[Directions for this task]:
Gather all lines from the material that contain the word "sfollati".

[Records for the task]:
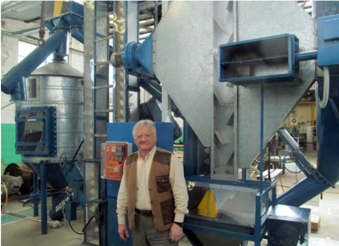
En la planta experimental de secado de granos de la empresa.
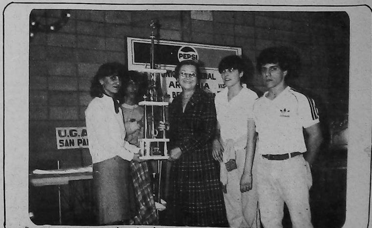
Representantes de la Delegación de Bs. As. reciben la copa por el primer puesto.

Los jóvenes vivieron una verdadera fiesta deportiva en un clima de camaradería y sano compañerismo, que sumados a una excelente organización hicieron que las X Olimpiadas, dedicadas a las Bodas de Diamante de UGAB, fueran realmente inolvidables.
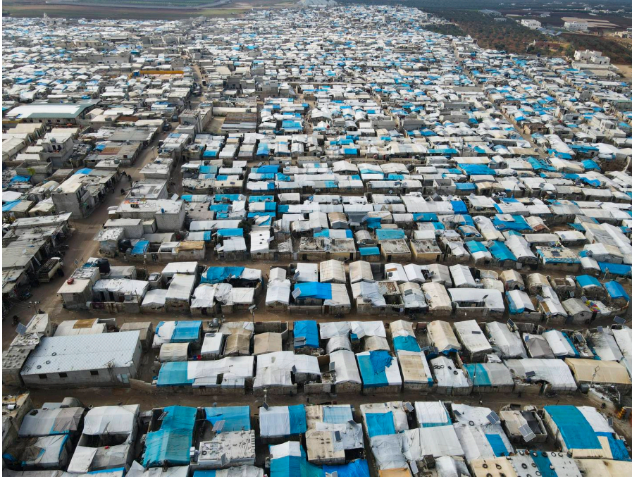
Il campo di Karama ospita alcuni degli oltre due milioni di sfollati siriani nella provincia di Idlib.

I servizi pubblici nel nord-ovest della Siria sono stati gravemente colpiti dalla guerra civile scoppiata nel 2011. L'area in gran parte controllata dall'opposizione ospita milioni di sfollati a causa del conflitto, molti dei quali vivono nei campi.
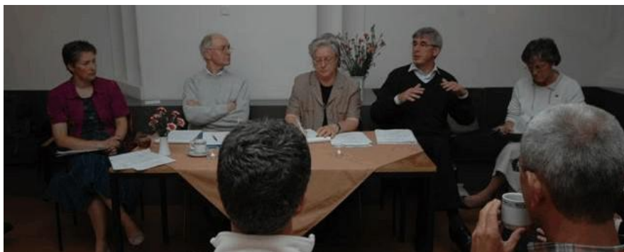
Het bestuur
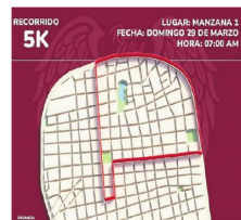
El afiche del evento

A través de un instructivo oficial, la Dirección Departamental de Educación también recomendó reforzar las medidas de bioseguridad dentro de las aulas, promover el uso de abrigo adecuado y aplicar controles preventivos en coordinación con las comisiones de salud de cada establecimiento educativo.
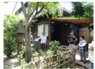
内川カフェの先駆者「茶処DO・U・ZO」さん
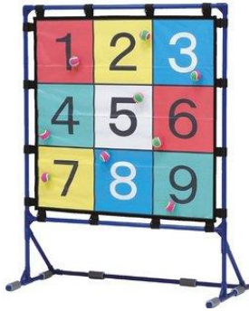
ターゲットゲーム
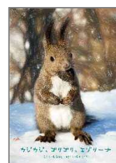
さっぽろ絵本グランプリ受賞作も、いつでも読めます。

北海道に関する本や北海道出身作家の本などは「郷土資料」として蔵書しています。実は郷土資料は順番待ちをせずに読める「読み放題」の本が多く、いつでも好きなときに読むことができます。
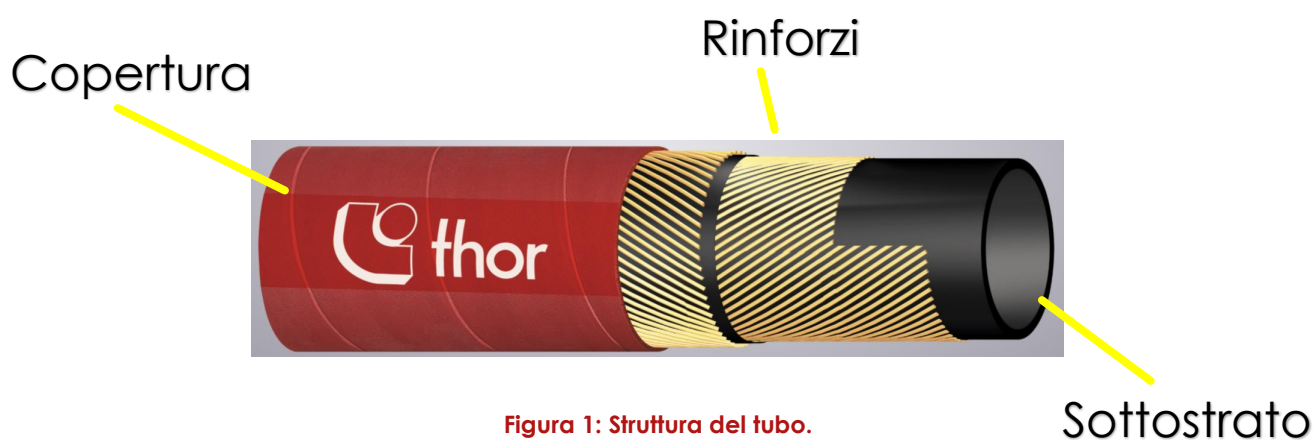
Figura 1: Struttura del tubo.

Alla base della progettazione di ogni tubo, vi sono considerazioni in merito alla sezione, alla tenuta di pressione e alle normative di riferimento (che normano in genere sia la sezione che la tenuta di pressione).
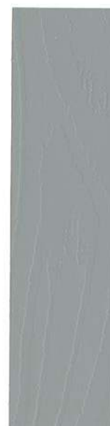
● 260 STENGRÅ
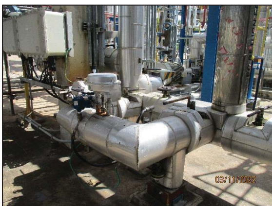
รูปที่ 3.37 ผนวมน้ำอุปกรณ์การผลิต เอทิลีนออกไซด์
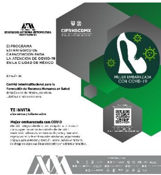
El programa estratégico de capacitación UAMX, Curso, Cartel, 6/10/20, Formato JPG
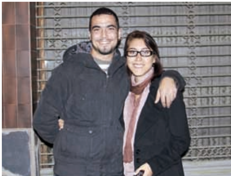
PRIMERA PARELLA PER ESCOLLIR HABITATGE

El llistat d'adjudicatari i l'ordre d'adjudicació es pot consultar al web municipal www.llicamunt.cat .
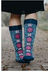
SEPPELE Heini Perälä Koko: 38/39
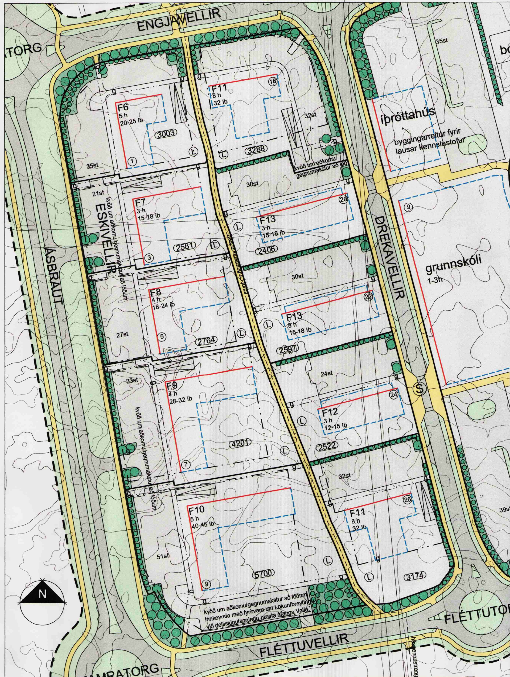
Tillaga að breyttu deiliskipulag mkv. 1:1000 = A2

5.2.8 Fjölbýlishús F8 Eitt fjögurra hæða vinkil laga fjölbýlishús F8 með bilgeymslu neðanjarðar, með staði fyrir a.m.k. 18 bíla er á skipulagssvæðinu. Öllum íbúðum stærrni en 80 m 2 skal fylgja a.m.k. eitt staði í bilgeymslu, sjá kafa 4.6. Íbúðafjöldinn er samtals 24 íbúðir. Í garðyrminu skal vera leiksvæði við opinbera göngustíginn. Hámarksdýpt byggingarreitar er 12 m. Hámarksnýtingarhlutfall er 0,98 fyrir utan neðanjarðar bilgeymslu. Mænishæð má mest vera 11,55 m yfir gólfri aðalhæðar. Þakhalli skal vera á bilinu 0-14". Skjólbelti úr gróðri skal setja eftir endilöngum vestur lóðarmörkum a.m.k. 2,0 m breitt. Huga ber vel að skjólmyndunum á garðsvæði hússins. Á jarðhæð skal vera gegnumgengt í sameignarrými tengdu anddyri og stíghúsi / lyftu, til að tryggja aðgang að lóð beggja megin við húsið.
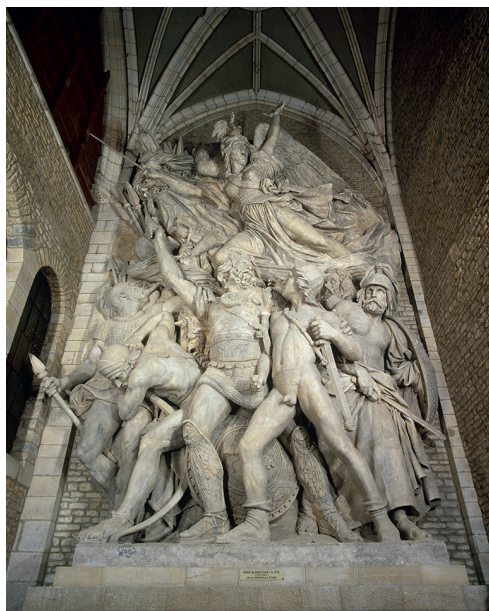
14. Copie d'après François Rude, Le Départ des Volontaires de 1792 , moulage en plâtre, patine brun clair, 1896-1938
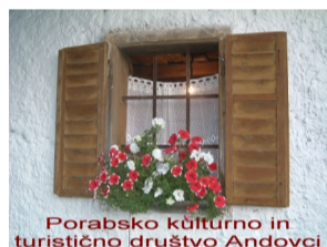
Porabsko kulturno in turistično društvo Andovci

ali po e-pošti: zido.vendel@gmail.com in pred začetkom pohoda
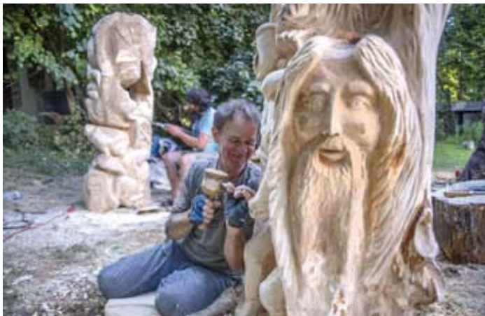
Plener Rzeźbiarski
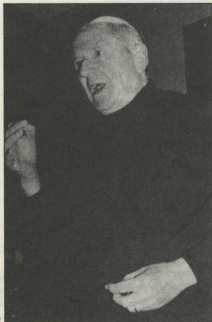
No queremos recibir arrodillados indultos concedidos con cuentagotas

G.—Hemos tocado el movimiento de alcaldes. ¿Qué opinión le merecen los acontecimientos de Etxarri-Aranaz?
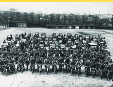
1924 Treffen der Motorradfahrer im ADAC auf dem Kieler Nordmarksportfeld
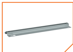
a5062 Штанга BS-SH-4-300 Gray
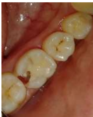
Gambar 1. Gambaran klinis gigi 46 dilihat dari oklusal. Terdapat kavitas dengan kedalaman dentin pada permukaan disto-oklusal gigi 46. Terlihat adanya tumpatan semen ionomer kaca pada dasar kavitas. Terlihat pula adanya tumpatan resin komposit pada permukaan oklusal gigi 46.

Berdasarkan hasil pemeriksaan subjektif, pemeriksaan objektif dan pemeriksaan penunjang (pemeriksaan radiografis), diagnosis kasus ini adalah pulpitis ireversibel disertai periodontitis apikalis. Rencana perawatan pada kasus ini adalah pulpektomi dan restorasi resin komposit kelas II dengan penguat pasak fiber pre-fabricated pada gigi 46. Prognosis kasus ini adalah baik karena sisa jaringan keras gigi masih banyak, saluran akar terlihat jelas, serta pasien kooperatif. Pada kunjungan pertama dilakukan pemeriksaan subjektif, pemeriksaan objektif, foto intraoral, radiograf, kemudian ditentukan diagnosis dan rencana perawatan. Pasien diberi penjelasan mengenai prosedur perawatan dan biaya serta waktu perawatan. Pasien menyetujui tindakan perawatan ini dan pasien menandatangani informed
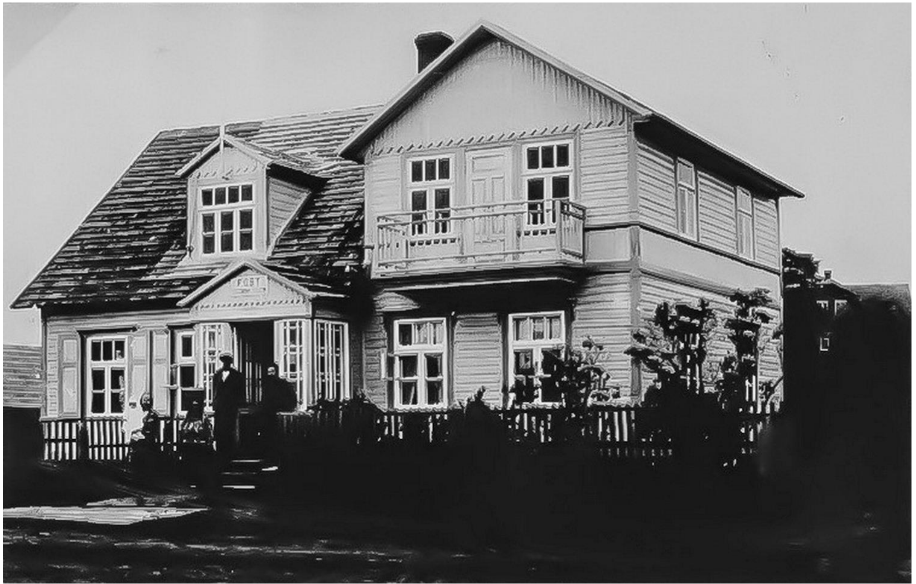
Kapten Gustav Jakobsoni maja Kablis, mille 1934 ostis ära Voldemar Laater, hiljem oli siin postkontor. ERM
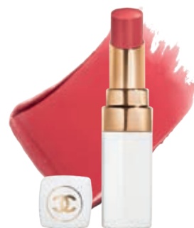
Балсам за устни Chanel Rouge Coco Baume , колекция Les Beiges Winter , цвят 940 Coccoon
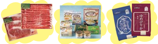
※写真は抽選会の賞品の一例です。

10,000ポイントで応募 ▶ 5,000ポイントで応募 ▶ 2,000ポイントで応募 ▶
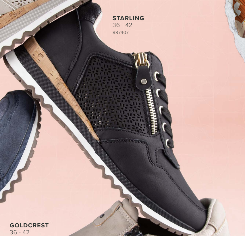
GOLDCREST 36 - 42 887406
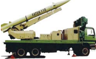
تصویری از موشک فاتح ۱۱۰
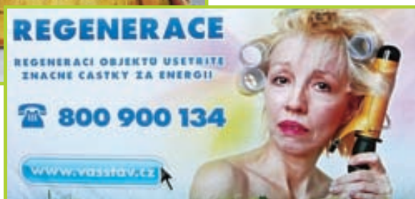
Reklama, která v roce 2010 získala anticenu Sexistické prasátečko od odborné poroty.
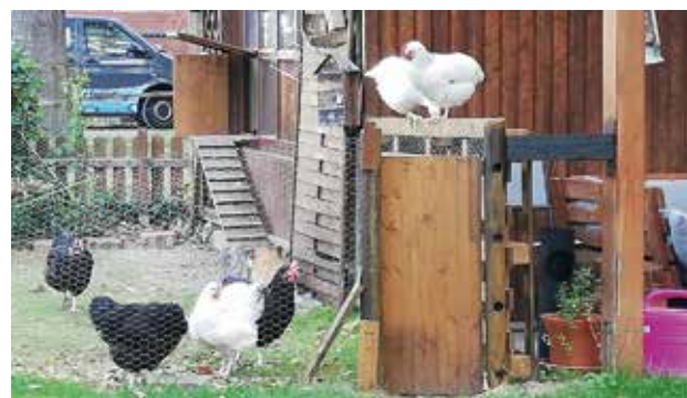
Hühner sind im Haus der Hoffnung eingezogen
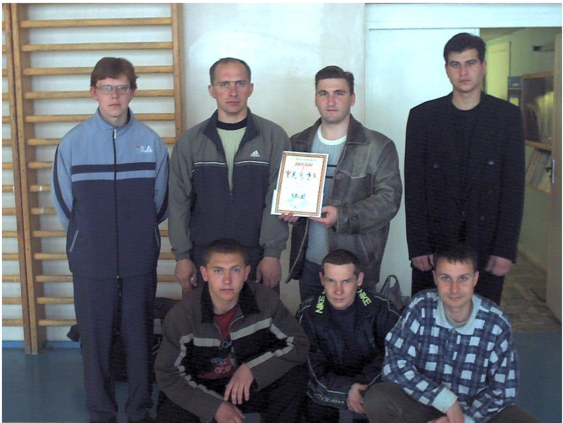
Команда по мини-футболу Солигорского РУЭС.
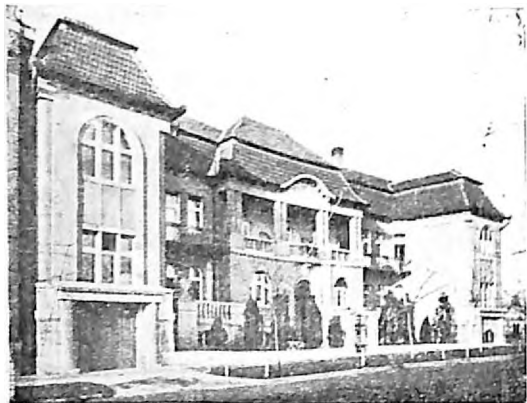
JEVREJSKA BOLNICA SUBOTICA
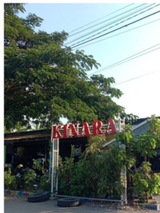
Gambar 4. Plang BUMDes Kinara

Berdasarkan gambar diatas dapat kita lihat bahwa dalam menyampaikan informasi disini BUMDes Kinara dapat melalui akun media sosial yang dimilikinya. Namun, untuk saat ini akun yang ada masih baru. Media tersebut digunakan BUMDes untuk menyampaikan informasi terkait hal yang ada di BUMDes. Demikian karena setiap organisasi ataupun suatu lembaga desa harus jelas dan tidak tertutup sehingga kepercayaan masyarakat bisa didapat. Untuk situs khusus BUMDes Kinara saat ini belum ada, namun bagi masyarakat yang ingin mengetahui lebih lanjut tentang badan usaha milik desa bisa mengakses situs web yakni https://kemiri-sidoarjo.web.id yang mana segala hal mengenai Desa Kemiri khususnya BUMDes Kinara sudah tersedia. Oleh sebab itu karena media sosial yang ada masih baru disini sebelumnya BUMDes Kinara juga menyampaikan informasi melalui plakat atau plang yang ada di sekitar BUMDes, berikut gambarnya:
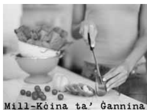
Mill-Kċina ta' Ġannina

Din hija sensiela ta' 10 programmi. Fost l-oħrajn tingħata informazzjoni dwar ir-relazzjoni tagħna mal-ikel, valuri nutrittivi, l-importanza tal-eżerċizzju, l-istorja tal-ikel matul iż-żminijiet kif ukoll informazzjoni l-aktar riċenti mid-dinja kulinarja. Matul il-programm jingħataw ukoll riċetti sajjfin b'ingredjenti u prodotti imkabbra lokalment tal-istaġun għal-okkażjonijiet differenti. Ir-riċetti li jingħataw waqt il-programm jistgħu jinkisbu minn fuq il-paġna tal-facebook ta' Radju Lehen il-Qala jew inkella jingabru personalment mill-istazzjon tar-radju. Programm li jikkuntenta lil aptit ta' kull min jaf jiekol tajjeb għal saħħtu u għal qalbu.

[Your response]:
Il campo di Karama ospita alcuni degli oltre due milioni di sfollati siriani nella provincia di Idlib.
I servizi pubblici nel nord-ovest della Siria sono stati gravemente colpiti dalla guerra civile scoppiata nel 2011. L'area in gran parte controllata dall'opposizione ospita milioni di sfollati a causa del conflitto, molti dei quali vivono nei campi.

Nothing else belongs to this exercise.